For Brandon Jaka, another survivor, the personal is political. “Stories like mine bring a human face to AMR and shift the narrative from abstract statistics to lived realities. We must advocate for affordable diagnostics, equitable access to effective antimicrobials, and strong community-based surveillance.
If we want resilient health systems, we must start by listening to those who lived through their failures.”
Kidney transplant survivor Borislava Ananieva highlights the danger of delayed diagnostics: “Waiting days for test results forces doctors to prescribe antibiotics that may be ineffective or harmful. Patients’ urgent needs for timely, accurate diagnostics must guide research and innovation. Patients are the largest minority in the world, and this is relevant to everyone.”
Health experts agree that AMR is undermining NCD care, threatening hard-won progress.
“AMR is not just a microbial issue—it is a human survival issue, especially for patients battling chronic illnesses,” stresses Lauren Protoris, CEO of Campaigning for Cancer. She warns that when infections become resistant, consequences for cancer patients are devastating—medically, financially, and emotionally.
From a policy perspective, Dr. Yvan Hutin of WHO emphasizes integration: “It is high time to break down silos and build resilient health systems that can respond to both AMR and NCDs. Strengthening surveillance, investing in diagnostics, empowering communities, and promoting preventive services are all key.”
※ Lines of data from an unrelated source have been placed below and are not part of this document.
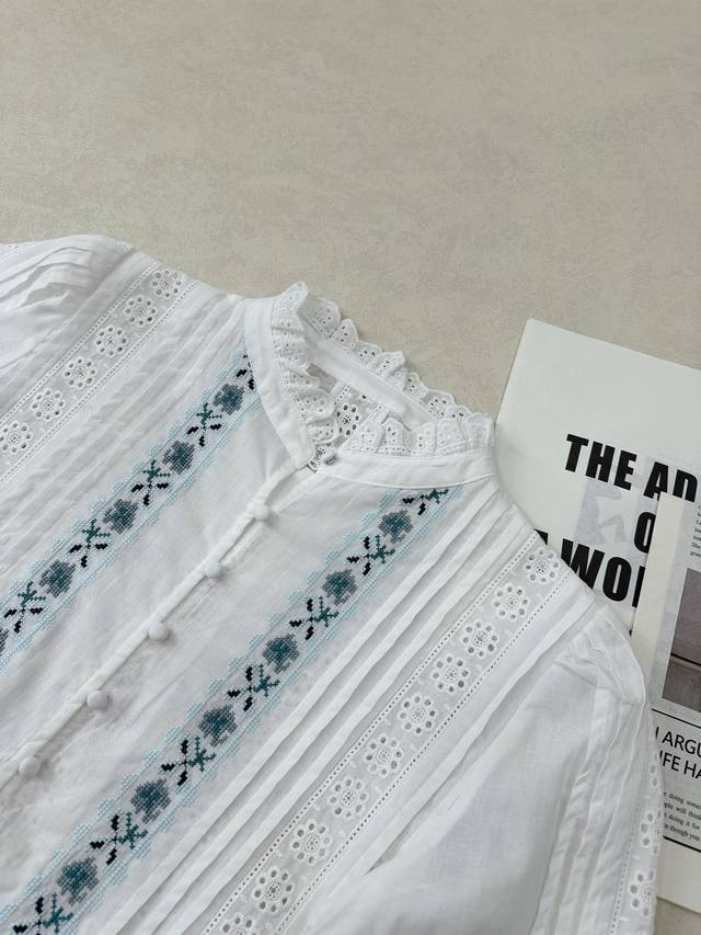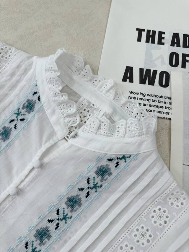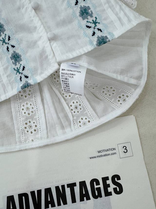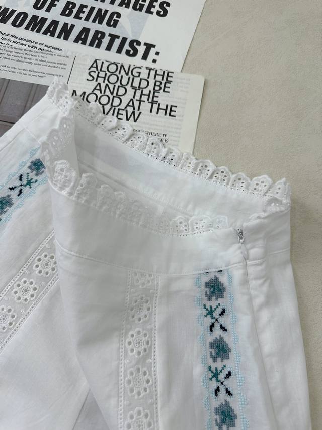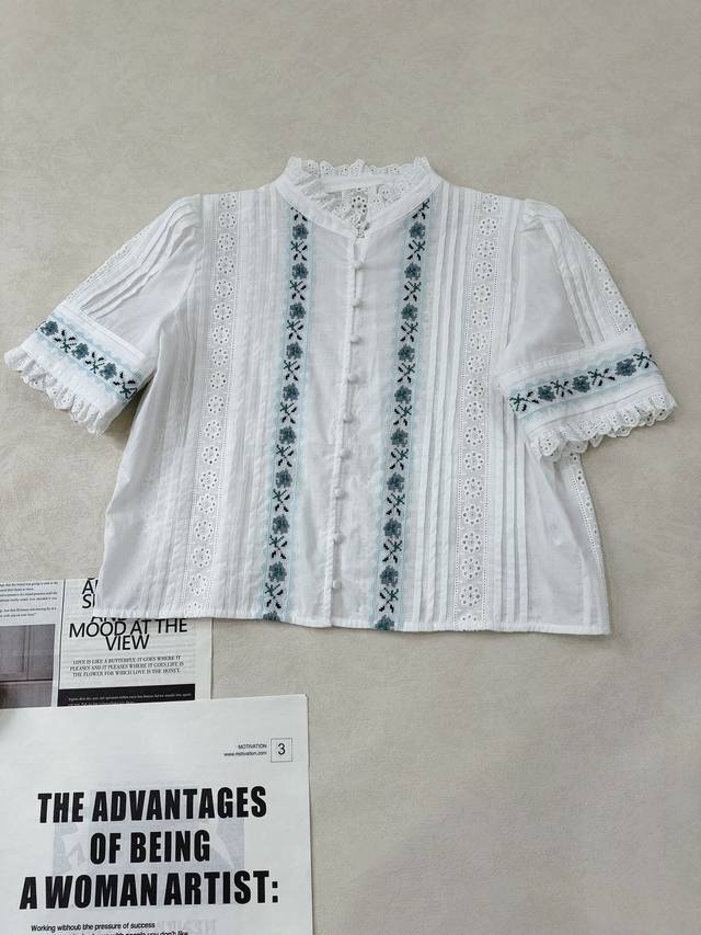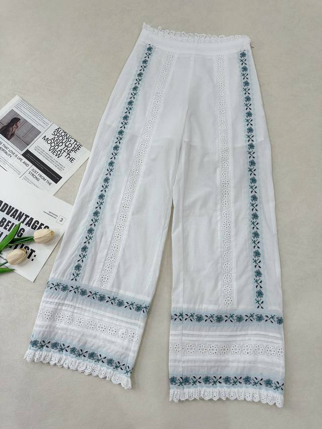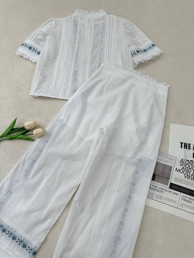 Sez. A blue and white lace short-sleeved shirt paired with color-block lace straight-leg cropped pants. The aqua blue embroidered floral lace and white accents are both refreshing and beautiful, and the overall details are meticulously crafted. 34, 36, 38 shirts and pants
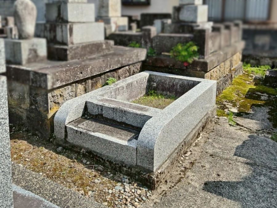こちらがお墓を建てる場所です。外柵まで出来上がった墓地を取得されていました。建てられてから時間が経ち、表面に水垢が付いてはいましたが、石自体は傷みもなくそのまま使える状態でしたので、こちらは活かして墓石部分を建立することになりました。お墓については、昔ながらの和型ではなく、高さを抑えた洋型で、明るいイメージがいいとご希望でした。
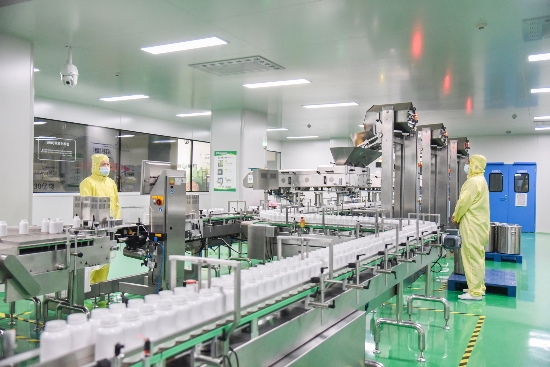 在降低能耗上下狠功夫的同時,園區(qū)在推動資源循環(huán)利用上頻出實(shí)招,一方面委托具備資質(zhì)的物資回收公司將生產(chǎn)過程原輔料包裝材料全部回收,使工業(yè)固體廢物綜合利用率達(dá)到100%,另一方面將生產(chǎn)過程中產(chǎn)生的廢水收集到廠區(qū)污水站深度處理后,用于灌溉園區(qū)的花草樹木,讓資源在循環(huán)利用中發(fā)揮最大效益。 當(dāng)前,園區(qū)已經(jīng)全面通過ISO9001、ISO14001、ISO22000、ISO45001、ISO50001國際體系認(rèn)證,在食品安全、產(chǎn)品質(zhì)量、環(huán)境保護(hù)等領(lǐng)域均達(dá)到國內(nèi)領(lǐng)先水平。 GMP車間里藏著“綠色密碼” 洗手、消毒、換衣、除塵……每一位進(jìn)入園區(qū)生產(chǎn)車間的人員都要經(jīng)過這一系列繁瑣的程序。反光的地面、不著一絲污跡的角落、自動化運(yùn)轉(zhuǎn)的精密儀器、燈火通明的車間,這里看上去更像是一間偌大的、枕戈待旦的手術(shù)室。
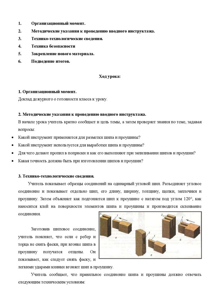 Учитель показывает образцы соединений на одинарный угловой шип. Разъединяет угловое
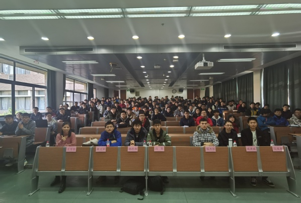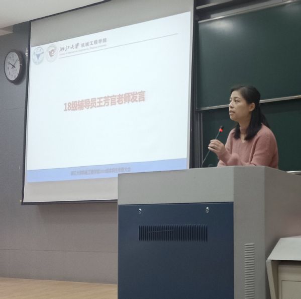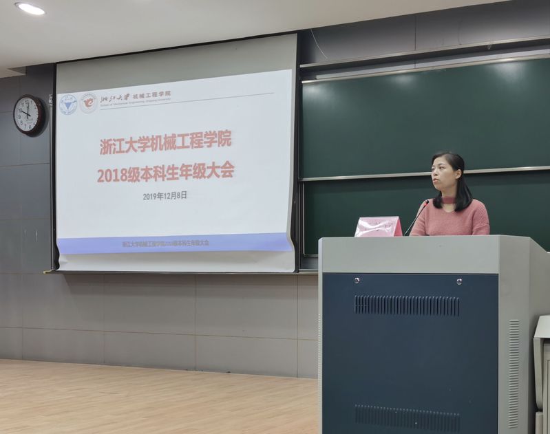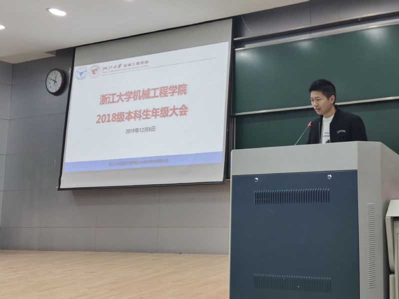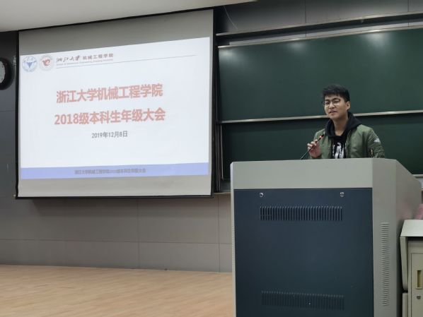 “人生道路上,重要的不是你现在所处的位置,而是你迈出下一步的方向。”12月8日周日上午10点,机械工程学院2018级本科生年级大会在紫金港校区西2-209教室顺利召开。学院为了帮助18级同学分析近期学习情况并对未来有更清楚的规划,特地邀请了16级优秀学长衡文正、成潇威、郑杰思给同学们带来关于出国、竞赛和保研等方面的经验分享,同时还邀请了学院学生会主席孙浩南学长为大家讲解实验室直通车项目。本次年级大会由18级辅导员王芳官老师主持,兼职辅导员吴成健、吕昊到场参会。机械工程学院18级全体本科生到场参加会议,认真听取了老师和学长们的分析和指导。

Professor Onyebuchi Chukwuo, former Nigerian Minister of Health, calls for a three-pronged strategy: embedding AMR into NCD policies, establishing coordinated governance to strengthen infection prevention, and investing in robust systems that can respond to both crises simultaneously.
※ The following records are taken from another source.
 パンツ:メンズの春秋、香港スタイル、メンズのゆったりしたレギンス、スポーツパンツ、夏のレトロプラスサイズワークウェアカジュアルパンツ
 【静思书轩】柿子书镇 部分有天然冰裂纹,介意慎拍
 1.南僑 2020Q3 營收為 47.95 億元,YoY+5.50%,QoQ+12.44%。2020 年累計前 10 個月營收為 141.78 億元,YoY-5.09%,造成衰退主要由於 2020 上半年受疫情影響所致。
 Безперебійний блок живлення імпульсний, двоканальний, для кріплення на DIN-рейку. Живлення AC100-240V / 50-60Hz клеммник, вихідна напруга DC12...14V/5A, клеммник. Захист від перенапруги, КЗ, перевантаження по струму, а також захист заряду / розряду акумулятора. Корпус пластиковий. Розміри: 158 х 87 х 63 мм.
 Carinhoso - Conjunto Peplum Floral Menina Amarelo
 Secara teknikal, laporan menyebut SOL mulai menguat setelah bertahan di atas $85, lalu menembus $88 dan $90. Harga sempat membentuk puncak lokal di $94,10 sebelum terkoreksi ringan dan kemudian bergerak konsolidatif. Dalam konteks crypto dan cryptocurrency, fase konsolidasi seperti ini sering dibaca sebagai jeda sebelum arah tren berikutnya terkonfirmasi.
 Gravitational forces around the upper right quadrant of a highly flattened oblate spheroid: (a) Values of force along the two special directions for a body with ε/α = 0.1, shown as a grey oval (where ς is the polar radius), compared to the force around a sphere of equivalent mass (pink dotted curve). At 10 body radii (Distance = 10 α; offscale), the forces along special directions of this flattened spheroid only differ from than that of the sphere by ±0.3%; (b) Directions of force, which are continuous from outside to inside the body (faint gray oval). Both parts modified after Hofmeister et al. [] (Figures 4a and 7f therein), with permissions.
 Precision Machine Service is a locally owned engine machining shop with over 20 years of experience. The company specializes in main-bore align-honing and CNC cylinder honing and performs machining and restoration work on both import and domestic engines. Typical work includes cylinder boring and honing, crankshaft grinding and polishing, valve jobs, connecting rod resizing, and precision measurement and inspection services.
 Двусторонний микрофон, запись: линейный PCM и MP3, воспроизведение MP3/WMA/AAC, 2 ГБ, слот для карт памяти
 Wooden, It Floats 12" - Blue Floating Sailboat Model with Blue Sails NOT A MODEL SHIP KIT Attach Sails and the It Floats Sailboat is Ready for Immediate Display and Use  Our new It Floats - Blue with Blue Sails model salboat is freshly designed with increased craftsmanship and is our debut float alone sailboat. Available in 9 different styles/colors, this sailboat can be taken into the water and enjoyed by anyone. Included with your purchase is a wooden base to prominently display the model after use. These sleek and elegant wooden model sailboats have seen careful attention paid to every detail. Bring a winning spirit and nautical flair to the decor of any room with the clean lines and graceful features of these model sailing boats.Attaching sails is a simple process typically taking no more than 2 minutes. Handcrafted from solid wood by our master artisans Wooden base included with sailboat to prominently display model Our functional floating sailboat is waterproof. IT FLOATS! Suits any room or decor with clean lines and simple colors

Healthcare workers also face daily struggles. Caline Mattar of the World Medical Association describes the helplessness clinicians feel when treating drug-resistant infections without adequate resources. She urges UNGA 2025 to prioritize training, education, and investment in frontline workers.
The AMR-NCD intersection does not exist in isolation. Dr. Téa E. Collins from WHO reminds policymakers that tobacco, alcohol, poor nutrition, physical inactivity, pollution, and poverty all compound vulnerabilities, particularly in low- and middle-income countries.
Addressing AMR and NCDs demands tackling these determinants head-on.
Zimbabwe has rolled out its One Health Antimicrobial Resistance National Action Plan 2.0 (2024–2028) to strengthen surveillance, regulate antibiotic use, educate communities, and improve diagnostic capacity.
Yet progress is urgent: resistance to common antibiotics such as ampicillin rose from 73.9% in 2011 to 74.6% in 2015, straining already limited health resources, increasing mortality among NCD patients, and driving up treatment costs.
Across Africa, the toll is staggering. WHO estimates 1.05 million deaths due to bacterial AMR in 2019, with Sub-Saharan Africa facing 23.7 deaths per 100,000 people, compared to 5 per 100,000 in North America. Projections warn that AMR could shrink Africa’s GDP by up to 5% by 2050, underscoring its devastating health and economic consequences.
“In Africa, health inequities and limited access to diagnostics make AMR a daily challenge,” says Brandon Jaka. “Without urgent action, progress in NCD care can be undone by drug-resistant infections.”
As nations gather at the UN High-Level Meeting, survivors and experts are united in their message: AMR and NCDs must be treated as inseparable threats. Integrated policies, resilient health systems, rapid diagnostics, equitable access to antimicrobials, and survivor-led advocacy are not optional—they are essential.
“Our response must be multi-sectoral and patient-centered,” concludes Dr. Hutin. “Only by uniting global efforts, empowering communities, and reinforcing health systems can we prevent infections, safeguard lives, and sustain progress in NCD care.”
Ella Balasa sums it up simply: “We cannot afford to ignore the voices of those who have lived through the consequences of failing health systems.
"Let the UNGA 2025 political declaration reflect the real world—putting patient survival and equitable care at its heart.”